Tuesday, November 1st, 2022 04:30 | By
New CRA team must share resources well
Kenya Revenue Authority. PHOTO/Courtesy

Students of political science and economics often refer to history to reflect on how it relates to current conditions affecting citizens in their nations.

These reflections reveal remarkable historical similarities in the “struggle” narratives of people across all continents for freedom, identity and an improved way of life.

Current grim economic conditions facing Kenyans and the vulnerable in other developing nations mirror the struggles that prevailed in two continents in the late 18th century.

The American and French Revolutions were fought several years and an ocean apart. Yet they were similar in that they subverted an existing monarchical government. They both also created ripe conditions for constitutionalism and deep patriotism.

What lessons can Kenya learn from the two revolutions, particularly in view of the prevailing economic woes haunting citizens? The two revolutions influenced one another and had profound worldwide impact.

Monumental scholarly works, rich debate and information exist on these historic revolutions.

However, they share one distinct similarity that forms a subject of keen interest to Kenyans – they were both borne of dire economic conditions.

We have just come through a divisive election that in essence has left the nation as divided politically as it was before 9 August.
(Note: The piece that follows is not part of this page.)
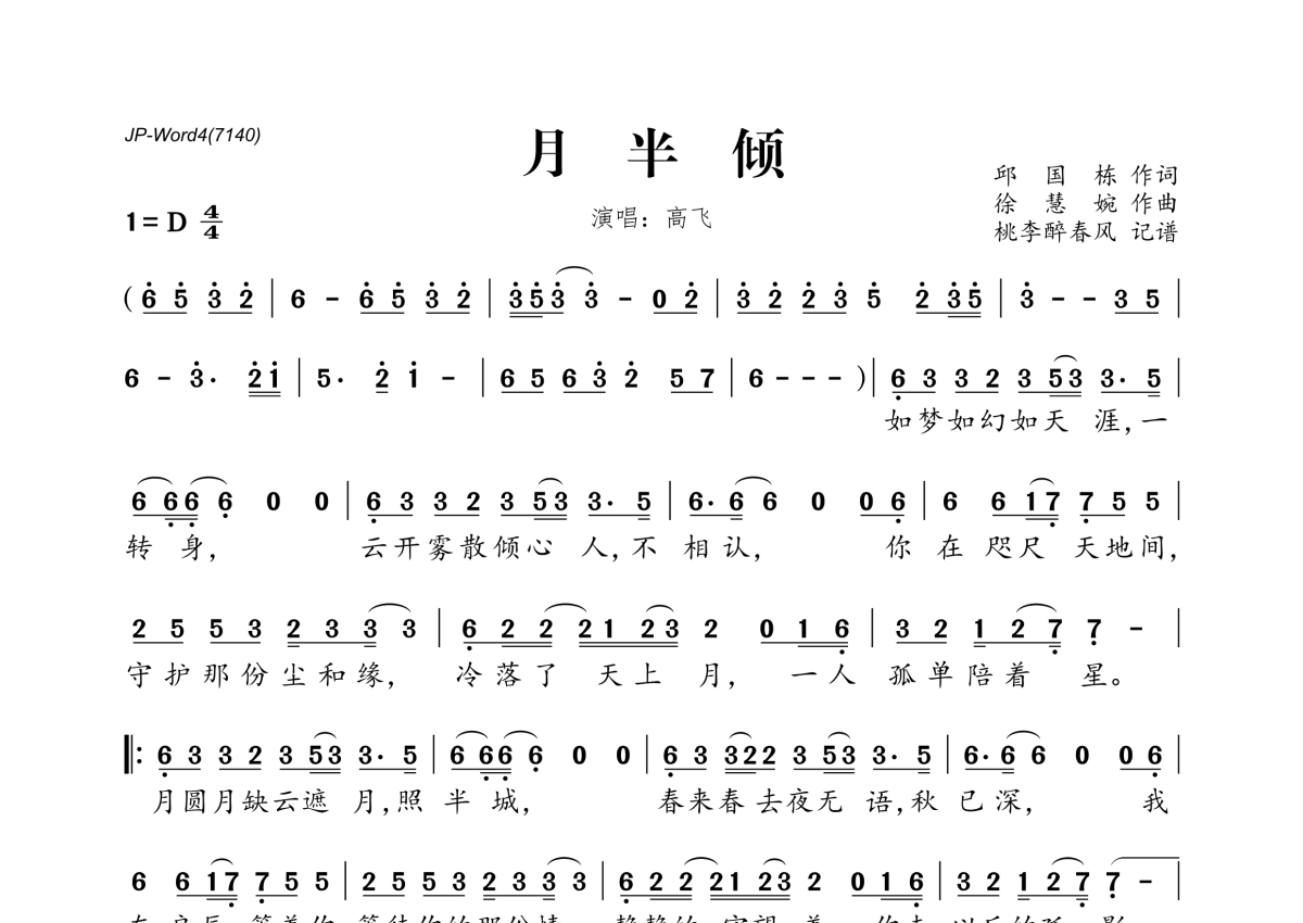 《月半倾》是高飞演唱的一首歌曲,拍号为4/4拍,这份简谱共有一张高清图谱,图谱由 @桃李醉春风 编配上传。

But citizens across the political divide are singularly united in suffering the economic challenges that contributed to the basis for the two revolutions.

The new government based its campaigns on addressing economic problems facing the poor and downtrodden in society, coining the “hustler” and “bottom-up” economics that resonated with this class of voters.

In post-election reality, the new administration is confronted with the task of raising money to fulfill its promises and transform a battered economy burdened by rampant poverty, high public debt, unemployment, corruption and an abysmal lack of basic social care.

Ironically the main available channel for raising the money to meet these obligations amid this litany of economic woes is taxation.

It is a delicate task that must be handled with extreme caution as it mirrors the conditions that caused the American and French Revolutions.

Both had money-related woes and the financial pressures (taxation) the monarchies in the British colony and the French nation placed on their subjects. Not that they opposed the taxation itself, but they were more vexed by the lack of a reasonable basis for the taxation, giving rise to the phenomenon known as “taxation without representation”.

Adopting a curious macroeconomic management approach in a liberalized economy, how does government expect to rope in citizens to tax? This when they do not have an income or are barely surviving on less than a dollar a day, as most “hustlers” and the majority poor in the rural areas do?

The dismal pre-revolution French economy depicts images of hungry, poverty-stricken peasants. Unable to pay off national debts using the scant money it received on the tax for traded goods, the King imposed further taxes on the peasants.

Paradoxically the wealthiest were not obligated to pay taxes, thereby pulling the two social classes apart. The two revolutions provide critical lessons for Kenya and other African nations.

The tax-related woes were related to greed (read corruption), exploitative control and were more deeply rooted in a historic division of social class.

Although the rich and poor had been long separated, unfair taxation totally isolated the two groups.

This resulted in famine and extreme poverty for the lower classes, leaving them with no choice but to revolt.